Le chef était de nouveau assis en face de ses deux adjoints. Il avait avancé un peu dans son enquête, mais pas assez à son goût toutefois. Stevenson n’avait peut-être pas fait le coup, bien que son alibi soit plutôt faible. S’il était innocent, cela ne signifiait pas pour autant que les hommes d’affaires qui l’engageaient n’aient pas demandé à quelqu’un d’autre d’assassiner Mooney. 

Au moment où Robinson mentionnait le nom des trois patrons de Stevenson, Leclerc releva la tête en répétant : « Pakenham, Pakenham, cela me dit quelque chose, ce nom-là ». Il fouilla fébrilement dans la tonne de documents tout autour de lui, soulevant des dossiers, feuilletant rapidement des liasses, relisant ses notes.

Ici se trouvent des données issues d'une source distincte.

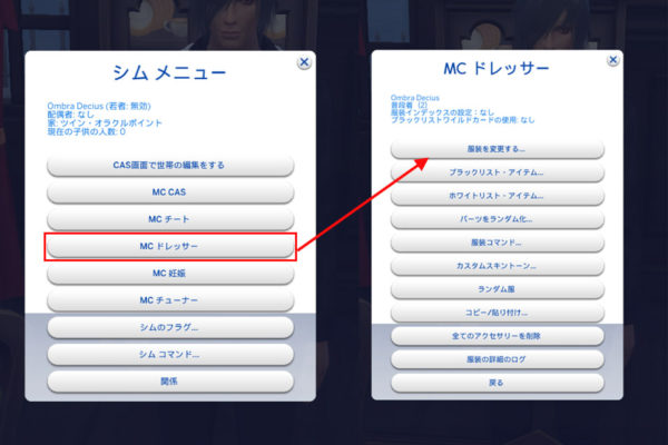 さて、ここであると便利なMC Command Center が生きます! ドレッサーに行かなくてもその場で着替えられます。
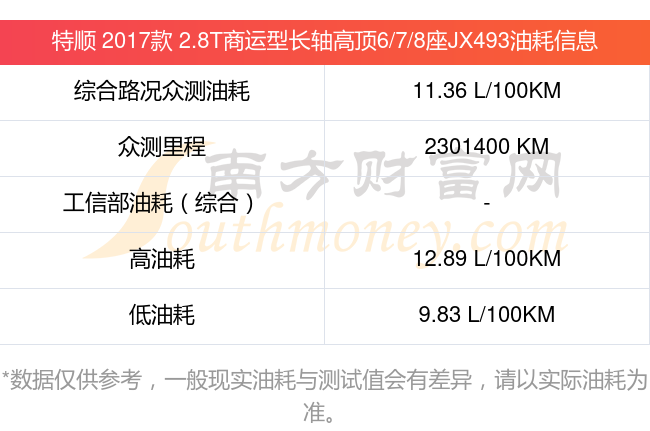根據(jù)多位車主實(shí)測(cè)得出數(shù)據(jù),該車型低油耗為9.83L/100km,高油耗為12.89L/100km,綜合路況眾測(cè)油耗為11.36L/100km,工信部綜合油耗為-L/100km。

Puis, il dit en tenant un journal entre les mains.

— Je l’ai !… Pakenham. Terrence Pakenham. Je savais que j’avais vu son nom quelque part.

Leclerc parcourut rapidement l’article du journal sans dire un mot. 

— Et alors, Leclerc, arrête de nous faire languir, lança Kelly.

— Terrence Pakenham a écrit quelques articles dans le Montreal Witness qui était particulièrement agressif contre les Irlandais. On y lit les choses habituelles à propos de la mainmise des prêtres sur les catholiques. Il fait même allusion nommément à Michael Mooney comme étant le chef de file des papistes à Montréal.

Leclerc se remit à fouiller dans une autre pile de journaux. Il s’agissait cette fois des Mélanges religieux. Encore là, il parcourut rapidement plusieurs exemplaires pendant que les autres attendaient. Kelly lui cria, excédé. 

— Alors, ça vient ? Ma femme a accouché plus vite que toi.

— Voilà, ça y est ! C’est cet article que je cherchais. Michael Mooney l’a écrit il y a quelques semaines déjà. Il y fait allusion à Pakenham. Chef, si on cherchait un mobile pour le meurtre de Mooney, je pense que nous en tenons un bon.